If this system is successful, public health advocates in California will have a tremendous advantage over others when applying for grants. In addition, they will have reliable evidence specific to their community to support their argument.

My teammates and I are very excited about this project. It is one of those projects that we feel will really make a difference, especially for low-income communities. I will write more about this project as we continue to work on it.


Information System in the Gym

February 6, 2007

The sources of information and the information problems at JWC are numerous. One of the biggest sources of information (and I believe the most useful) are the exercise machines. Some of the exercise machines have digital interfaces that record information such as calories burned, distance, speed, heart rate, difficulty of exercise, etc. Once a person finishes using the machines, the information is erased. I saw one individual who recorded his exercises, the number of repetitions and sets he completed, and the weight. Another person I spoke with said that she does not really pay much attention to the information displayed on the machines; instead, she just exercises until she feels that she had a good workout. The personal fitness trainer I talked with emphasized how important it is for exercisers to keep track of their progress if they have fitness goals. If exerciser’s do not record the data the machine displays or remember it, the data simply becomes lost.

The solution I envision is a system that automatically records all your exercise information and stores in on a database. If each of the machines were connected to a database, a person could swipe their BruinCard at a machine before they begin exercising. When they are finished exercising, they could push a button, and the machine sends all the data to that person’s record: calories burned, distance run, resistance level, repetitions, etc. At a later time, the exerciser could simply login to MyUCLA and retrieve all their information. Perhaps a computer program could be designed to “crunch” the data and output graphs, charts, etc. Such a system would be beneficial in helping exercisers keep track of their progress without having to worry about remembering, writing the information down, or “crunching” the numbers themselves.

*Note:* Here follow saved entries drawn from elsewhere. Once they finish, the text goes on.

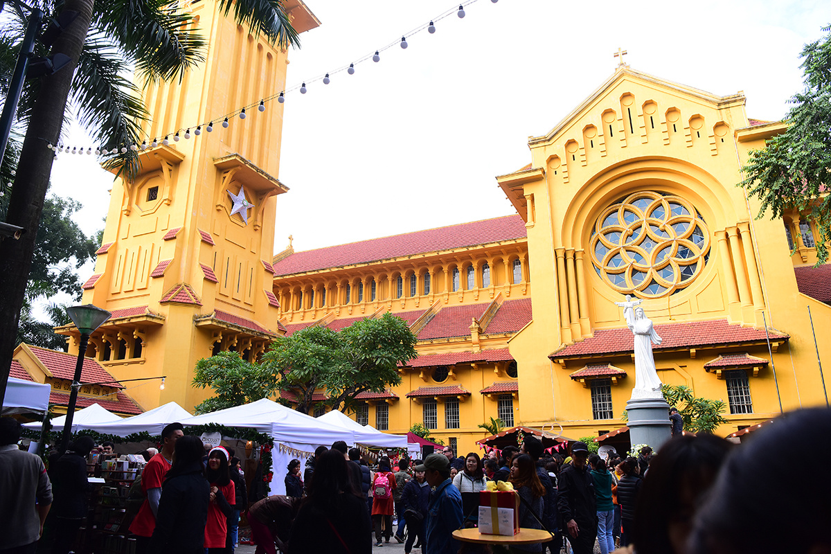 阮霞说: “这么多年了大教堂仍保持原样,只有长满苔藓的旧墙被重新粉刷,地板也是新铺的。不久前,大教堂的圣所做了修葺,祭台也重新修了,十分气派、宽敞。大教堂是河内最大的主教座堂。圣诞节期间,教堂装饰得很美。今年,圣诞树亮闪闪的。来这里游览的国际游客也停步拍照。”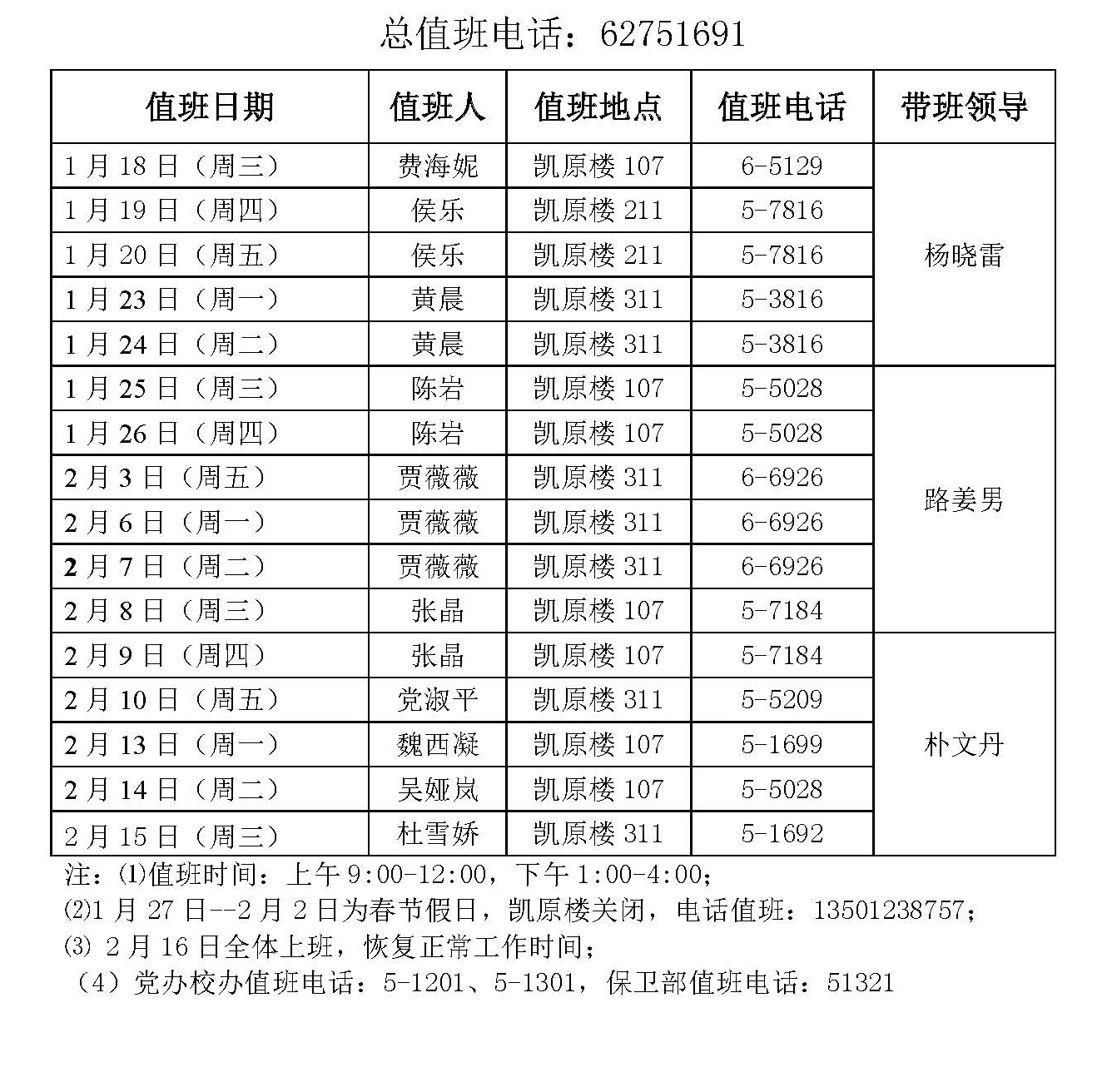 【通知】英国威廉希尔英文官网寒假值班表 2017年1月18日--2月15日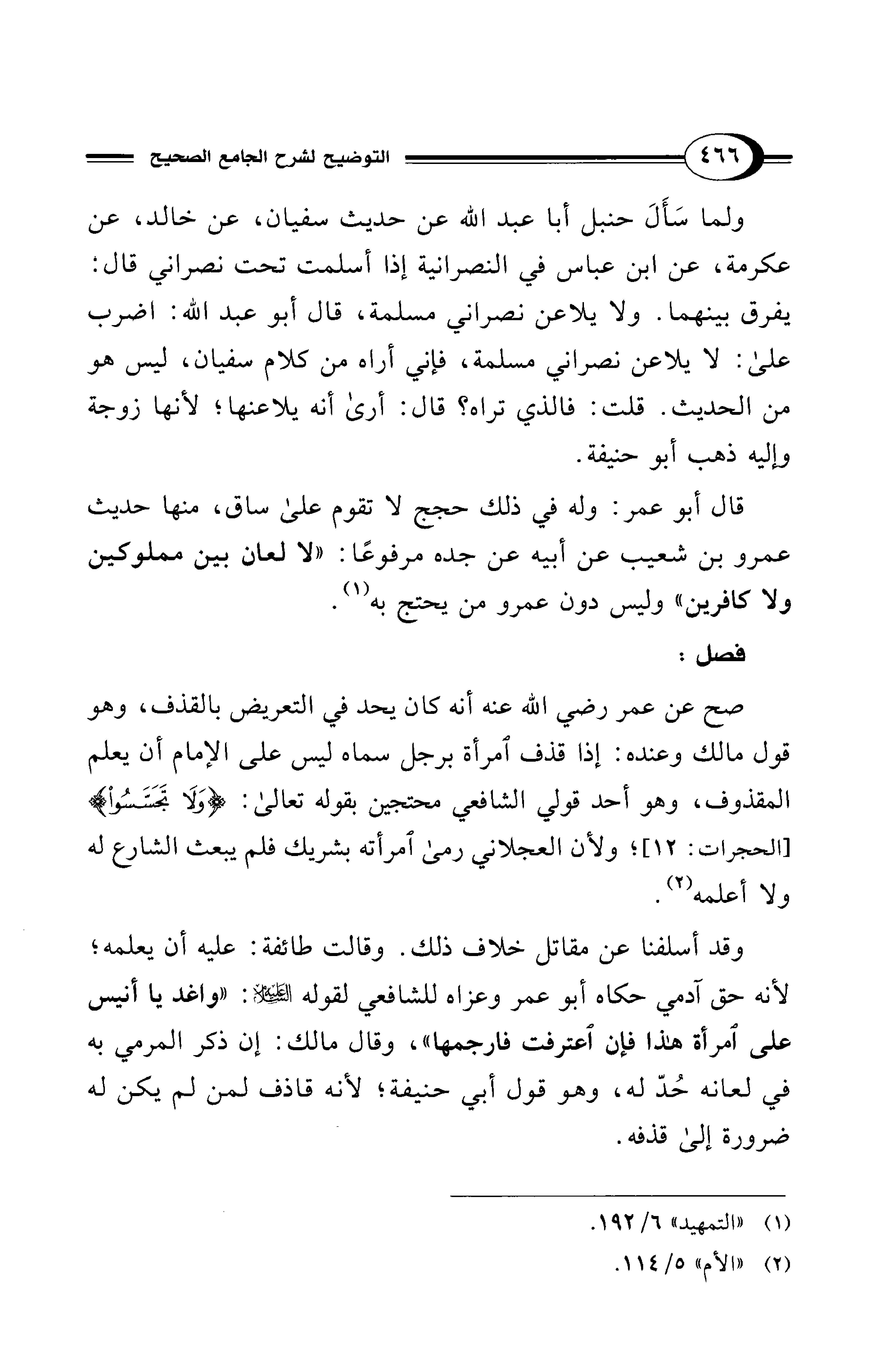 ولما سَأَلَ حنبل أبا عبد الله عن حديث سفيان، عن خالد، عن عكرمة، عن ابن عباس في النصرانية إذا أسلمت تحت نصراني قال: يفرق بينهما. ولا يلاعن نصراني مسلمة، قال أبو عبد الله: اضرب على: لا يلاعن نصراني مسلمة، فإني أراه من كلام سفيان، ليس هو من الحديث. قلت: فالذي تراه؟ قال: أرى أنه يلاعنها؛ لأنها زوجة وإليه ذهب أبو حنيفة.

One of the issues raised was security and privacy of this personal data. I believe this concern could be mitigated if a unique login and password were required for an exerciser to access his or her information. As long as that exerciser did not share his or her login ID and password with a third party, there should be no security threat. Also, the database administrators could adopt a policy by which the data would be deleted automatically after a given amount of time or under certain circumstances or conditions. Of course, this could be an “opt-in” system and there should be no requirement to swipe a BruinCard to operate and use the machines.